Speaker: Harald Bugmann
bugmann<at>env.ethz.ch
Mountain Forest Ecology, Department of Environmental Sciences, ETH-Zentrum HG G 21.3 Rämistr. 101, CH-8092 Zürich, Switzerland
Title of the talk: Mountain
ecosystem goods and services (pdf: 4MB)
Summary of the talk by Britta Tietjen and Nikolaos Fyllas: Students´
summary (pdf)
Abstract
Mountain ecosystem goods and services
(1) Mountain regions and their ecosystems fulfil a multitude of functions, from freshwater provision and carbon storage to aesthetic beauty. In the first part of the presentation, an overview of the global significance of mountain regions will be given, and possible consequences of global changes on mountain ecosystems will be outlined in a qualitative manner.
(2) The fate of the vegetation cover of mountain regions under a changing climate, changing land use and changing atmopsheric composition is important for the capability of ecosystems in mountain regions to provide many of the goods and services that humanity depends on.
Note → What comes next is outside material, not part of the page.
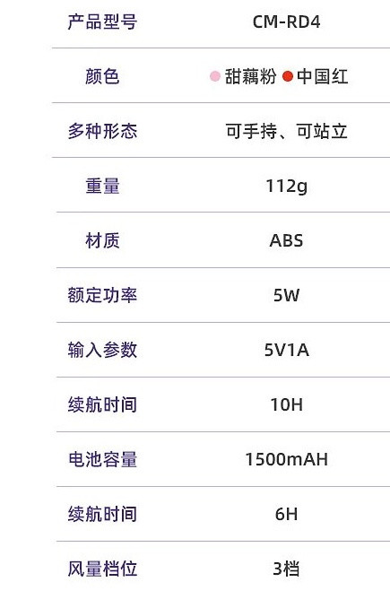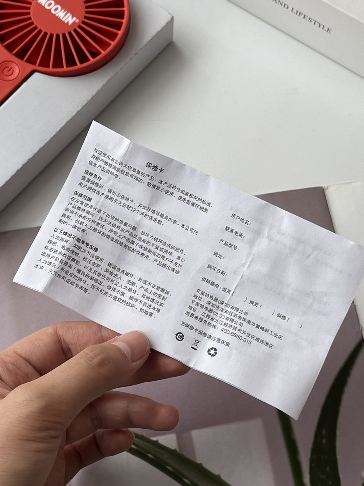 艾美特迷你手持小风扇 【产品规格】1个 【颜色】: CM-RD4-1(中国红) CM-RD4-2(甜藕粉) AH01(珊瑚红) 【材质】:机身ABS 【档位】:三档风速调节 【电池】: AH01:2000mAh/续航6小时 CM-RD4:1500mAh/续航6小时 【功率】 CM-RD4:5W AH01:4W 【产品尺寸】 CM-RD4:166.5*79*28.7mm AH01:1186*90*41mm 【产地】中山 【生产日期】2025年最新 【保质/质保期】质保一个月(清仓原因只换不修) 【发货地点】佛山仓 【发货物流】圆通/中通/韵达,随机发 【发货时效】3-5天(节假日顺延) 【不发货地区】西藏/新疆 【加运费地区】青海/宁夏/甘肃/内蒙古,加10元可发 【售后标准】 1、支持7天无理由退换货(无理由/拦截/拒收/改地址,需扣除寄出运费4元,同时顾客退回时满足包装完好,配件齐全,不影响二次销售,同时退回运费由顾客自动承担) 2、30天内质量问题退换货产生的邮费报销,需要提供邮费寄出凭证,否则不予报销(提供凭证后,品牌方进行上限报销(最高报销8元),同时退回快递需选择普通快递,如顾客退回寄了顺丰等高昂快递,品牌方则按普通快递进行报销) 3、退换货需使用普通快递(圆通/中通/韵达等)寄回,不接受任何到付件,发了顺丰/EMS均按普通快递

In mountain ecosystems, several factors are of crucial importance that may be nearly negligible elsewhere, such as slope stabilization by root systems. These factors are often interlinked, making the integrity of mountain systems dependent on the integrity of their weakest element. Projecting the impacts of climate change on mountain ecosystems requires us to use mathematical models, and to consider a range of ecological and hydrological processes simultaneously, but the latter has not often been done in the past. For example, population ecologists examined the impacts on forest structure and composition; biogeochemists investigated possible changes in carbon, water and nitrogen exchange between forests and the atmosphere; landscape ecologists looked at the impacts of a changing disturbance regime on vegetation patterns at large scales; and hydrologists examined changes in streamflow and related variables. Studies such as these will be reviewed in the second part of the presentation; they are certainly welcome and timely because they highlight the potential for climate-induced changes in ecosystem goods and services in mountains. Most of these studies were conducted as purely scientific endeavors, with little involvment of possible “end users” (stakeholders), and only few studies exist that tried to address the intertwined nature of processes in mountain regions.
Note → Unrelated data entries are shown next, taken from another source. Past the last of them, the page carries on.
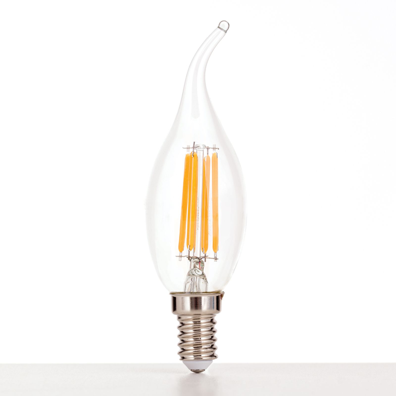 Die Lampe verfügt über einen E-14 Schraubsockel und erzeugt eine stimmungsvolle Lichtqualität. Das formschöne klare LED Leuchtmittel in Windstoß-Kerzenform strahlt in warmweiß mit einer Lichtfarbe von (2700 K) und überzeugt durch hohe Energieeffizienz.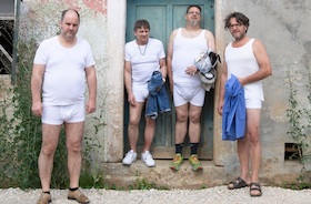 Falschgeld sind jung, aus München und machen dreckigen Indie-Pop-Rock mit deutschen Texten. Stilistisch irgendwo zwischen TonSteineScherben und den frühen Strokes, also allergediegenster Halbstarken-Krawallo! Hoher Spaßfaktor! Keine Rücksicht auf Verluste! Die punkige Attitüde der vier, die seit Kindestagen miteinander Musik machen und entsprechend druckvoll abliefern, trifft kontrastreich auf tiefgründige und smarte Texte von Frontmann Jona Volkmann (den mittlerweile viele auch aus dem Kino kennen, u.a. zuletzt in Sönke Wortmann`s „Der Spitzname“). Nach ihrem aufsehenerregenden Debütalbum „Menschen wie wir“ arbeitet die Band momentan mit Produzenten-Koryphäe Moses Schneider an ihrer zweiten Scheibe „Flügge werden“, die auch genau davon handelt: vom Erwachsenwerden in Zeiten, in denen die Welt scheinbar aus den Fugen gerät. Zeitgeist und Coming of age treffen auf angenehm ehrlichen Indie-Pop-Rock ohne Schnörkel, aber dafür mit umso höherem Spassfaktor.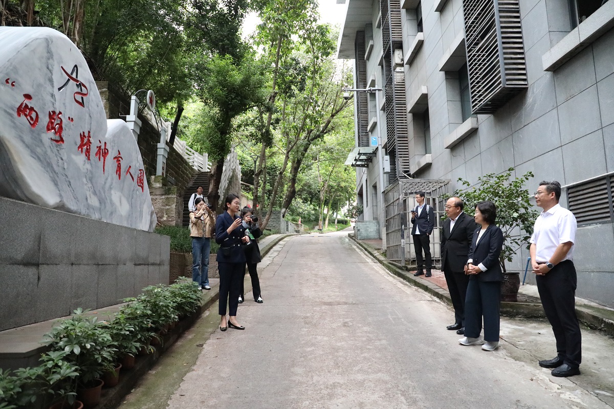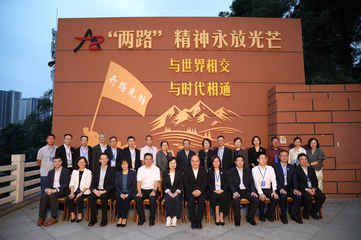 沿着重庆交通大学“两路”精神育人园的展陈脉络,蔡若莲局长一行切身感受了“两路”(川藏公路、青藏公路)建设历程的艰苦卓绝。通过珍贵的历史图片、实物展品与场景化讲解,代表团成员深刻体会到“两路”精神中无私奉献的家国情怀,对重庆交通大学以精神育人、助力国家交通事业发展的办学理念有了更为直观和深刻的认识。宫辉向香港代表团介绍,“两路”精神育人园不仅是交大人“逢山开路、遇水架桥”奋斗历程的历史积淀,更是交大人“感悟初心、奋发未来”的时代延续。蔡若莲局长表示,“两路”精神是兼具历史价值与时代意义的精神财富,可为两地青年交流搭建坚实的精神纽带。

(3) The approach of the ATEAM mountain project will be introduced next. It focuses on four ecosystem services, i.e. carbon storage (with a focus on forests), freshwater generation (as a landscape process), slope stability, and tourism.
(4) The mountain stakeholder dialogue (approach, history, and results obtained so far) will be introduced, because it must be made clear that the activities that are discussed later on were framed to a certain extent by the stakeholder dialogue.
(5) To address the linkages between ecological processes (such as biogeochemical cycling), an existing model (RHESSys) was adapted for the conditions of Europe. The model structure will be introduced briefly, and results from the model evaluation studies will be presented. This model can be used to assess changes in carbon storage and freshwater provision at the catchment scale. Our approach to address tourism and slope stability will also be presented, but more briefly (particularly for slope stability, where we still have little to report).
(6) Sample sensitivity studies with the RHESSys model will be presented (simulations for the “real” ATEAM scenarios will take place only later this year), and I will discuss the question of the adaptive capacity of the various stakeholders with respect to such changes.
(7) Finally, the issue of how to derive vulnerability from these results (sensitivity
studies and estimates of adaptive capacity by sector) will be discussed.